→ Data below
━━━━

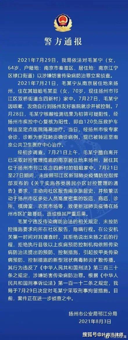 2026-01-18棋牌游戏,棋牌游戏平台,棋牌游戏APP下载8月3日,扬州市公安局邗江分局发布通报,7月29日,依法对毛某宁(女,64岁,江苏南京人)以涉嫌妨害传染病防治罪采取刑事拘留措施。毛某宁于7月21日从南京来到扬州,住在姐姐家中。21日至27日期间,毛某宁未主动向社区报告南京旅居史,并频繁活动于扬州市区多处人员高度密集的饭店、商店、诊所、棋牌室、农贸市场等,28日确诊。在公安机关对其调查时,其拒绝说出来扬之后的行程,致使疫情在扬州市区扩散蔓延,造成极其严重的后果涉嫌妨害传染病防治罪。毛某宁已被运至南京定点医院治疗。案件正在进一步侦查之中。
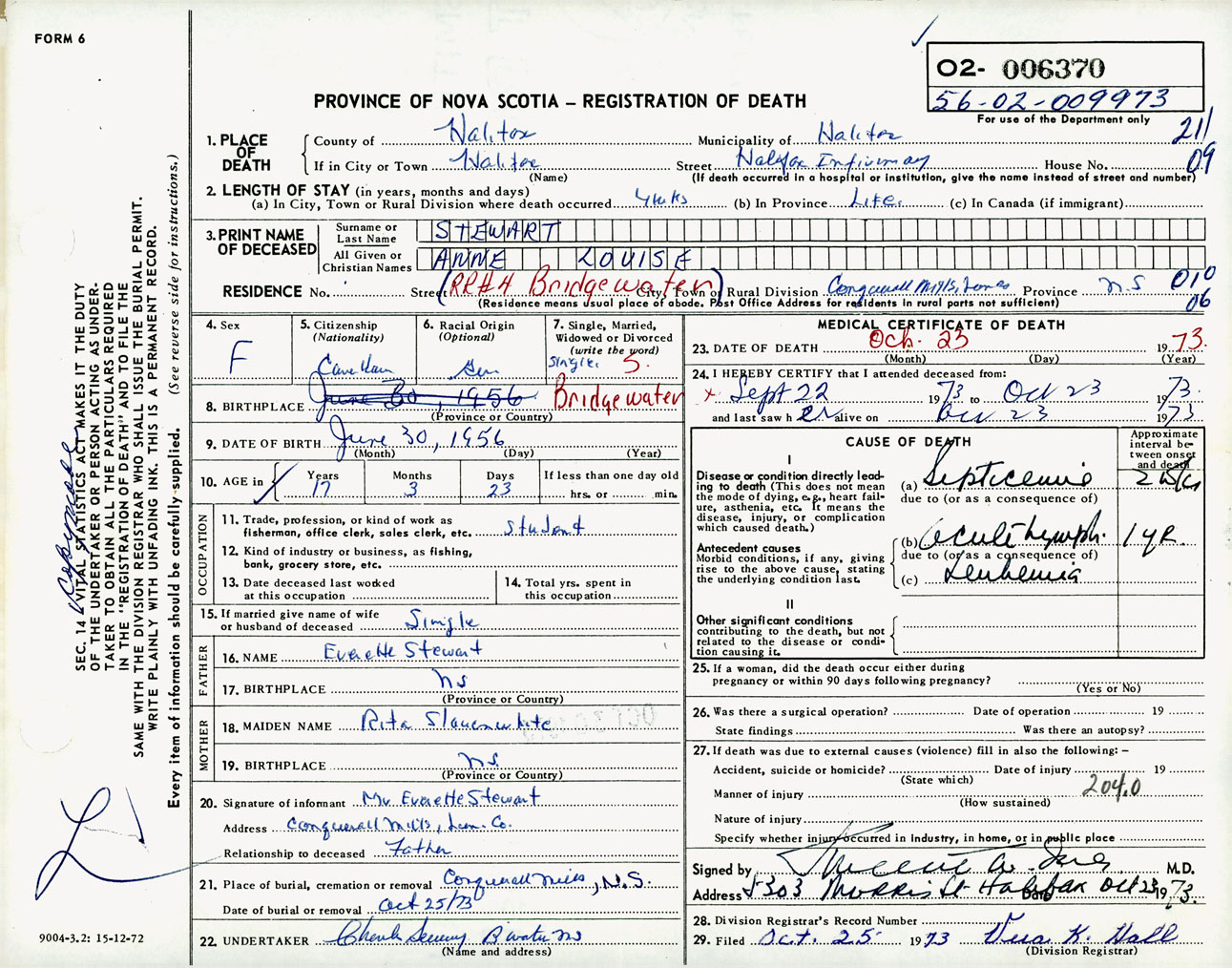Female Death Registration: Year: 1973 number: 6370
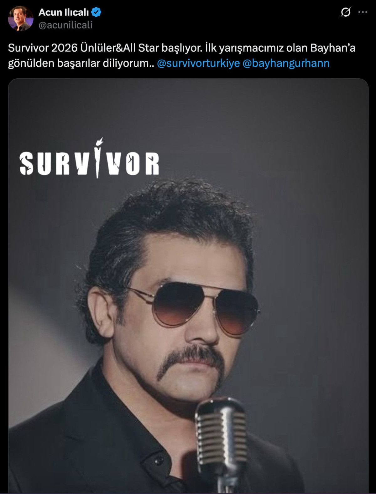 Acun Ilıcalı paylaşımında, "Survivor 2026 Ünlüler&All Star başlıyor. İlk yarışmacımız olan Bayhan’a gönülden başarılar diliyorum." ifadelerini kullandı.
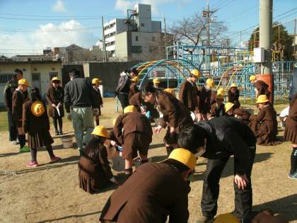 3年生は、校庭で「七輪体験」をしていました。上手に火をおこせるでしょうか。

━━━━

→ Brief
Go back to the line that contains "2026 Ünlüler&All Star" and copy it, along with each line after it through the end of the listing above, exactly and without pictures.

→ Response to this task
 Acun Ilıcalı paylaşımında, "Survivor 2026 Ünlüler&All Star başlıyor. İlk yarışmacımız olan Bayhan’a gönülden başarılar diliyorum." ifadelerini kullandı.
 3年生は、校庭で「七輪体験」をしていました。上手に火をおこせるでしょうか。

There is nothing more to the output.